At Clara's funeral, sunlight flamed through the windows while the chaplain read his piece. There were more people than expected. She had given money every Christmas to those who worked in the shops, to the milkman and the postman, to rubbish collectors and caretakers, and some came to see her buried.

By the grave Beryl held his hand, her glove curving over his, but he drew away so as to bring his right arm up into a salute which he assumed his aunt would expect. They went to the flat for food and drinks, and when everyone had left he telephoned for a taxi to take Beryl to the hospital. He was glad to be alone.

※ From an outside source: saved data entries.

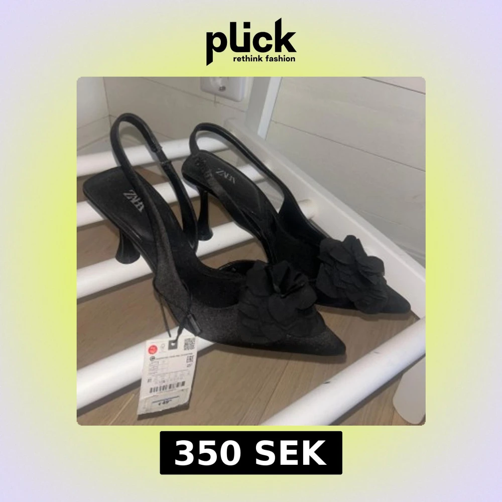 Klackar med spetsig tå med prislapp kvar, endast testade
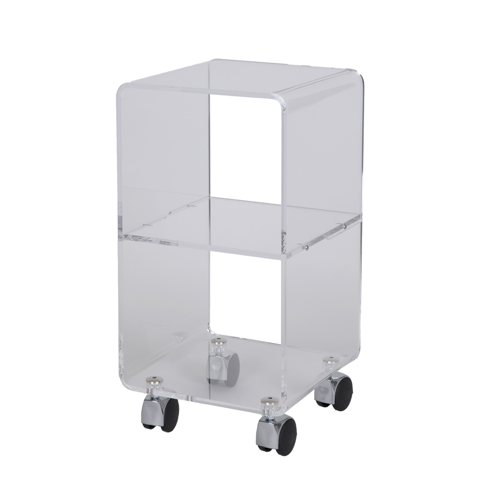 This trolley for the living room with a freestanding column design is entirely made of transparent acrylic glass with a thickness of 8 mm with 1 or 3 shelves and swiveling wheels. Besides being a complemento elegant and functional furniture it is also an object of extremely versatile and space-saving design. The acrylic crystal is the methacrylate polymer that is characterized by the purity of its transparency that surpasses natural crystal.
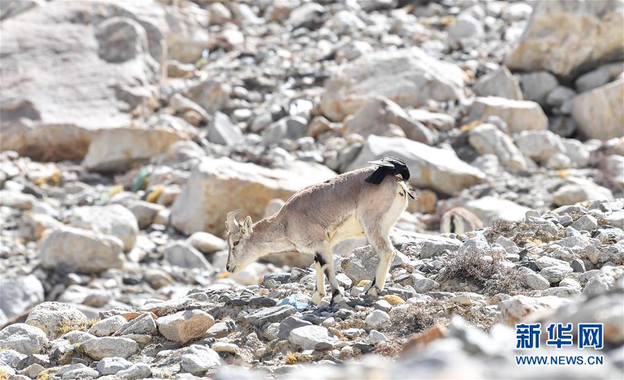 黄嘴山鸦停在岩羊背上(5月8日摄)。 当日,一群岩羊在珠峰大本营周围觅食,黄嘴山鸦飞到岩羊身上停留,构成一幅幅生动有趣的雪域图画。 新华社记者 普布扎西 摄

A few more trips at sea allowed him to ponder on what to do, and to get so fed up with life on board that he had no alternative but to leave. When taxes had been paid from Clara's estate he found it hard to believe that so much money was his. In the orphanage he started with a penny a week, and never had more than the ten-shilling note she had given him till he went into the Merchant Navy. He made certain never to lack a reserve of money. Even with the few pounds a month of those days it was possible to put a little cash into the bank, his self-respect added to by the fact that he had earned it. Instead of spending more than he allowed himself, he found excitement in spare-time reading for his various certificates. He searched secondhand bookshops in Liverpool and Preston for texbooks which, though a few years out of date, served for his studies. After thirty years of varying parsimony he would need no other money than his own to live on when he left the sea, yet the invested capital of Clara's assets would bring in more than thirty thousand a year before tax. Twelve months ago he'd been alone in his simple life, but now he had a lawyer, an accountant, and a broker. The whole of the family money had devolved on to him.